Clin Chim Acta. 2019 Dec:499:64-69. doi: 10.1016/j.cca.2019.08.022. Epub 2019 Aug 24.

Abstract

Currently available Interferon-γ release assay cannot reliably differentiate active TB (ATB) from non-active TB (non-ATB). This study aimed to evaluate the diagnostic accuracy of the IFN-γ/IL-2 FluoroSpot assay, which can simultaneously detect IFN-γ and IL-2 secretion, for differentiating ATB from non-ATB. 191 suspected ATB patients with positive T-SPOT.TB results were consecutively recruited. 64 (33.5%) participants had ATB, including 22 (34.4%) microbiologically or histologically confirmed TB and 42 (65.6%) clinically diagnosed TB. 119 (62.3%) cases were non-ATB and 8 (4.2%) were clinically indeterminate. After being stimulated with ESAT-6 and CFP-10 antigens, the median frequency and proportion of IFN-γ+IL-2- T cells were significantly higher in the ATB group than the non-ATB group (P < .001). The areas under the ROC curves of IFN-γ+IL-2- T cells were larger than those of total IFN-γ+ T cells (0.788 vs. 0.739, p = .323). With a cutoff value of 25 SFCs/250,000 PBMCs for frequency, sensitivity and specificity of this assay were 73.4% and 69.8% respectively.

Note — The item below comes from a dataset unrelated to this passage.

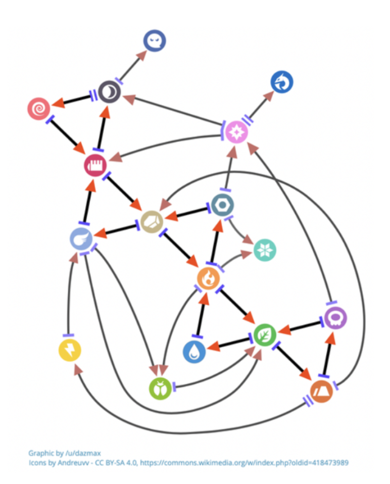 以口袋妖怪(Pokemon)视频游戏世界为例,类型系统描述了这些数字世界的数字物理学的子集。在下图中,口袋妖怪(Pokemon)世界的类型系统被表示为有向无环图(directed acyclic graph),其中箭头的方向表示类型对抗的方向。

When combining the frequency and proportions of IFN-γ+IL-2- T cells, the sensitivity and specificity were increased to 95.3% in parallel testing and 83.2% in serial testing respectively. In conclusion, IFN-γ/IL-2 FluoroSpot assay is conducive for the diagnosis of ATB in patients with positive T-SPOT.TB results.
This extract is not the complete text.